=== Dataset excerpt ===

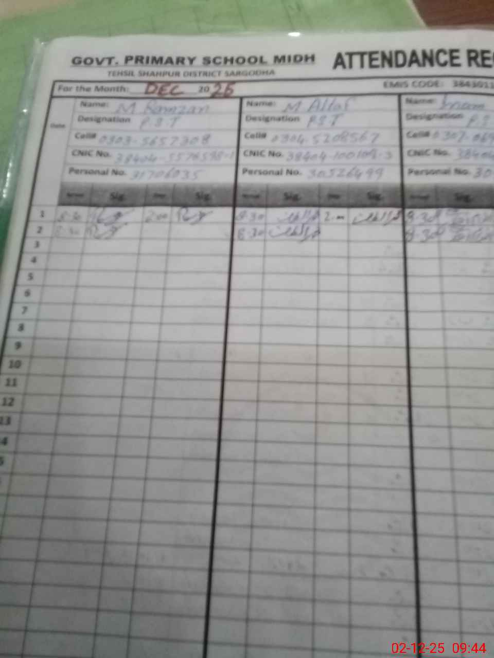 | Name: MU**** RA**** Designation: (School Headmaster's/Headmistress's) PST (SC MATH ) Phone/Cell Number: 03**** |
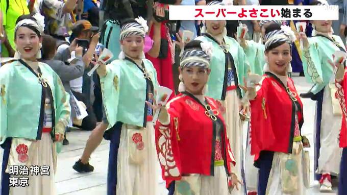 「よさこいで世界に元気を届けよう」と開催されるスーパーよさこい。2001年から毎年開催されてきましたがコロナ禍で2度の中止をはさみ去年は規模を縮小して開催。今年は祭りの安全を祈願する明治神宮での奉納演舞も4年ぶりに行われました。今年の参加チームは去年に比べ30以上も増え、海外も含め103チームが参加しています。スーパーよさこいは27日までです。
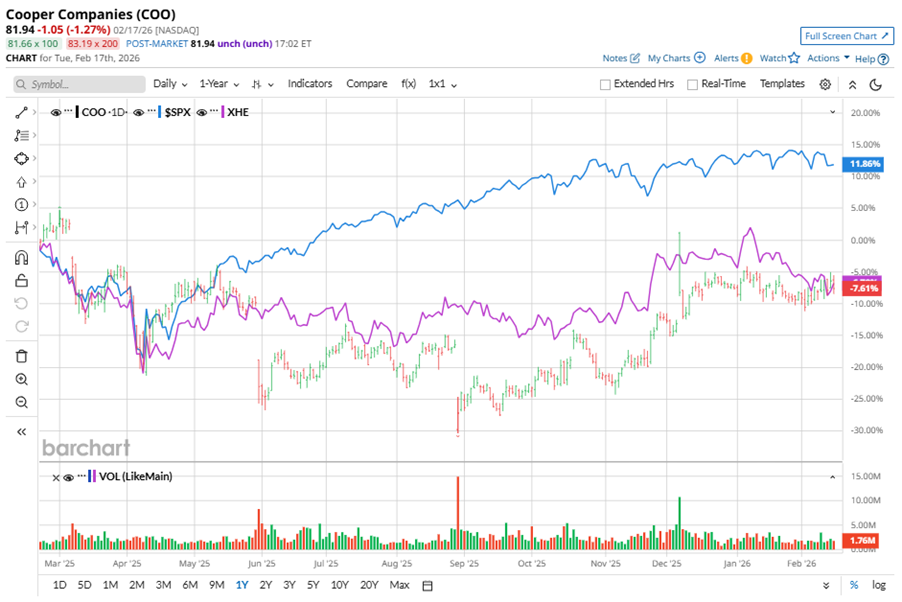 The Cooper Companies (COO), headquartered in San Ramon, California, develops, manufactures, and markets contact lens wearers. Valued at $16.3 billion by market cap, the company’s products include contact lenses for the vision care market and diagnostic products, surgical instruments, and accessories for gynecologists and obstetricians. Shares of this global medical device company have underperformed the broader market over the past year. COO has declined 7% over this time frame, while the broader S&P 500 Index ($SPX) has rallied nearly 11.9%. In 2026, COO stock is down marginally, aligning with SPX’s slight fall on a YTD basis. Cathie Wood Adds 210K Shares to a Rising AI Bet With Upside of 102% Is GOOG Stock a Buy Amid the Software Selloff? Broadcom Is ‘Sitting on a Sinking Iceberg.’ Why 1 Analyst Is Warning on AVGO Stock Here. Get exclusive insights with the FREE Barchart Brief newsletter. Subscribe now for quick, incisive midday market analysis you won't find anywhere else. Narrowing the focus, COO’s underperformance is also apparent compared to the SPDR S&P Health Care Equipment ETF (XHE). The exchange-traded fund has declined about 6.6% over the past year. However, the stock’s marginal losses on a YTD basis outshine the ETF’s 3.3% decline over the same time frame. On Dec. 4, 2025, COO shares closed up more than 1% after reporting its Q4 results. Its revenue was $1.07 billion, surpassing analyst estimates of $1.06 billion. The company’s adjusted EPS of $1.15 beat analyst estimates by 3.2%. For the current fiscal year, ending in October, analysts expect COO’s EPS to grow 9.5% to $4.51 on a diluted basis. The company’s earnings surprise history is impressive. It beat or matched the consensus estimate in each of the last four quarters. Among the 18 analysts covering COO stock, the consensus is a “Moderate Buy.” That’s based on 10 “Strong Buy” ratings, one “Moderate Buy,” six “Holds,” and one “Strong Sell.” This configuration is more bullish than a month ago, with nine analysts suggesting a “Strong Sell.” On Feb. 3, Needham kept a “Buy” rating on COO and lowered the price target to $99, implying a potential upside of 20.8% from current levels. The mean price target of $90.12 represents a 10% premium to COO’s current price levels. The Street-high price target of $100 suggests an upside potential of 22%. On the date of publication, Neha Panjwani did not have (either directly or indirectly) positions in any of the securities mentioned in this article. All information and data in this article is solely for informational purposes. This article was originally published on Barchart.com

===

| Your assignment |
Copy out every line above without change, dropping the pictures.

| Exercise response |
 | Name: MU**** RA**** Designation: (School Headmaster's/Headmistress's) PST (SC MATH ) Phone/Cell Number: 03**** |
 「よさこいで世界に元気を届けよう」と開催されるスーパーよさこい。2001年から毎年開催されてきましたがコロナ禍で2度の中止をはさみ去年は規模を縮小して開催。今年は祭りの安全を祈願する明治神宮での奉納演舞も4年ぶりに行われました。今年の参加チームは去年に比べ30以上も増え、海外も含め103チームが参加しています。スーパーよさこいは27日までです。
 The Cooper Companies (COO), headquartered in San Ramon, California, develops, manufactures, and markets contact lens wearers. Valued at $16.3 billion by market cap, the company’s products include contact lenses for the vision care market and diagnostic products, surgical instruments, and accessories for gynecologists and obstetricians. Shares of this global medical device company have underperformed the broader market over the past year. COO has declined 7% over this time frame, while the broader S&P 500 Index ($SPX) has rallied nearly 11.9%. In 2026, COO stock is down marginally, aligning with SPX’s slight fall on a YTD basis. Cathie Wood Adds 210K Shares to a Rising AI Bet With Upside of 102% Is GOOG Stock a Buy Amid the Software Selloff? Broadcom Is ‘Sitting on a Sinking Iceberg.’ Why 1 Analyst Is Warning on AVGO Stock Here. Get exclusive insights with the FREE Barchart Brief newsletter. Subscribe now for quick, incisive midday market analysis you won't find anywhere else. Narrowing the focus, COO’s underperformance is also apparent compared to the SPDR S&P Health Care Equipment ETF (XHE). The exchange-traded fund has declined about 6.6% over the past year. However, the stock’s marginal losses on a YTD basis outshine the ETF’s 3.3% decline over the same time frame. On Dec. 4, 2025, COO shares closed up more than 1% after reporting its Q4 results. Its revenue was $1.07 billion, surpassing analyst estimates of $1.06 billion. The company’s adjusted EPS of $1.15 beat analyst estimates by 3.2%. For the current fiscal year, ending in October, analysts expect COO’s EPS to grow 9.5% to $4.51 on a diluted basis. The company’s earnings surprise history is impressive. It beat or matched the consensus estimate in each of the last four quarters. Among the 18 analysts covering COO stock, the consensus is a “Moderate Buy.” That’s based on 10 “Strong Buy” ratings, one “Moderate Buy,” six “Holds,” and one “Strong Sell.” This configuration is more bullish than a month ago, with nine analysts suggesting a “Strong Sell.” On Feb. 3, Needham kept a “Buy” rating on COO and lowered the price target to $99, implying a potential upside of 20.8% from current levels. The mean price target of $90.12 represents a 10% premium to COO’s current price levels. The Street-high price target of $100 suggests an upside potential of 22%. On the date of publication, Neha Panjwani did not have (either directly or indirectly) positions in any of the securities mentioned in this article. All information and data in this article is solely for informational purposes. This article was originally published on Barchart.com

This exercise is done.